ASTEROID
Dinosaur asteroid thought to be smaller
Associated Press
A UH doctoral student has determined that the asteroid believed to have wiped out the dinosaurs 65 million years ago was much smaller than thought.
Francois Paquay says the asteroid considered responsible for the Chicxulub Crater under Mexico's Yucatan Peninsula was only about half as big of the previous estimate of 9.3 to 12 miles in diameter. The study, reported in the journal Science, says the asteroid was 2.5 to 3.7 miles in diameter.
Paquay used a different method to determine the size of meteorites that have hit the Earth. He relied on osmium isotopes in ocean sediments.
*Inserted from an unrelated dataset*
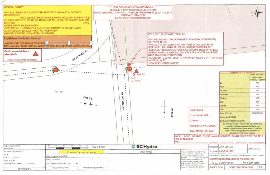 BC Hydro and Conquer are granted access to ʔaq̓am lands forming Cassymayooks 5 for the purposes of access to a power pole outside of ʔaq̓am lands for replacement. BC Hydro and Conquer will be on ʔaq̓am lands on February 12th, 2026.

Osmium is found in high concentrations in meteorites. When a meteorite hits the Earth, it vaporizes, and everything in the vapor falls onto the land and sea, he said.
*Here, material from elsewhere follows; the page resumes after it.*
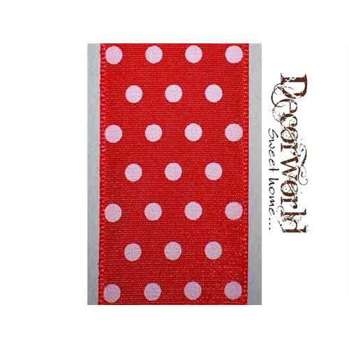 Szatén szalag pöttyös piros 4cm/10m

During the impact events he studied, Paquay said osmium levels spiked. "Based on this, you know using simple math what was the size of the impactor," he said.
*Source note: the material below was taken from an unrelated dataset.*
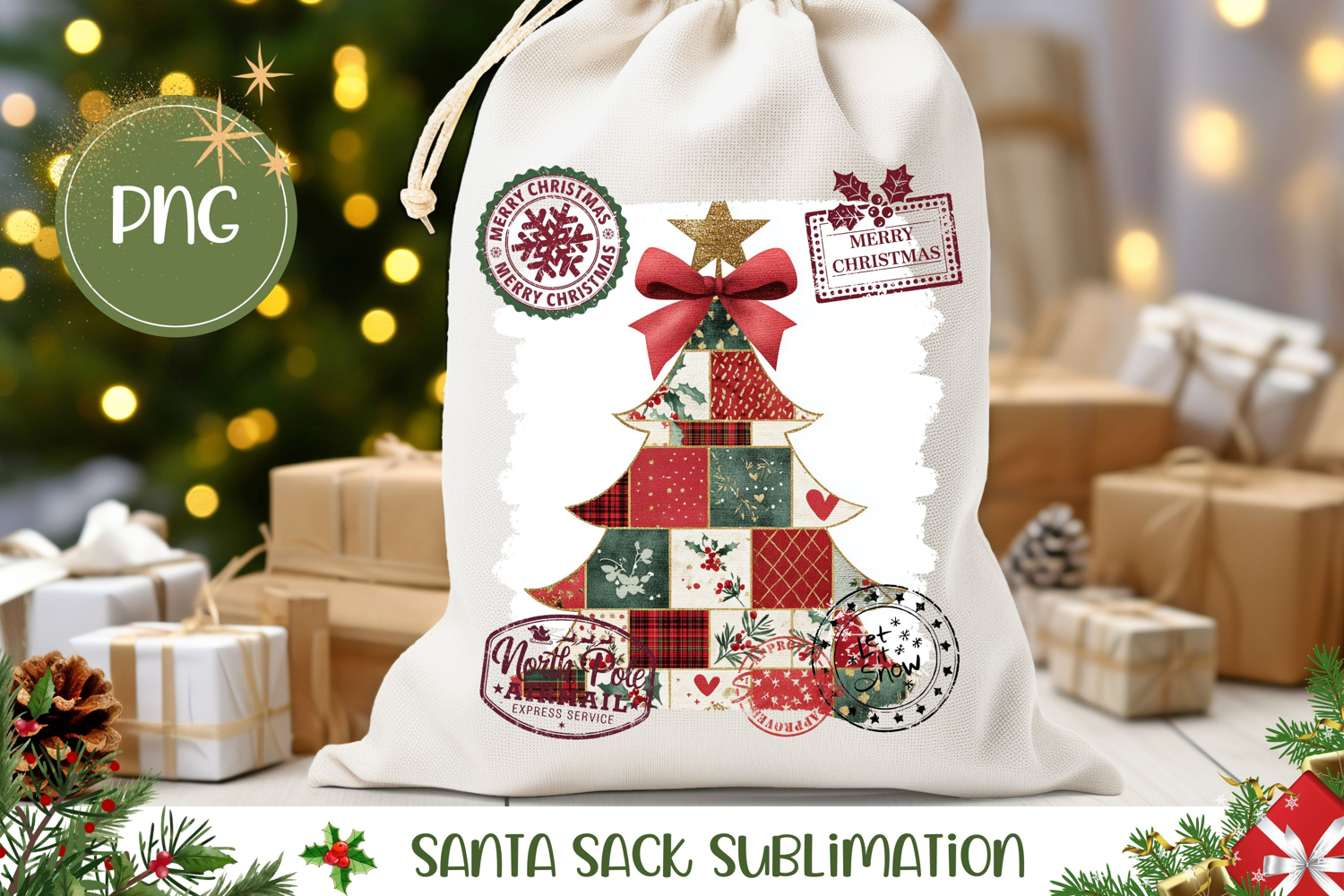 Patchwork Christmas Santa Sack, Cute Christmas Gift Bag example image 1

Paquay's adviser Gregory Ravizza said the previous measurement method relied on the element iridium and was labor intensive. Paquay's team analyzed more than 130 samples from two Ocean Drilling Program sites: one in the equatorial Pacific and the other off the tip of South Africa.
They looked at two geologic time periods and studied the deep ocean sediments during and after the impacts.
"These events are fascinating to me because of their magnitude," Ravizza said. "They represent huge explosions."
A giant meteorite is one of several theories, including global warming, advanced for the disappearance of the dinosaurs and other species.
Tarun Dalai of the Indian Institute of Technology and Bernhard Peucker-Ehrenbrink of Woods Hole Oceanographic Institute collaborated with Paquay on the study.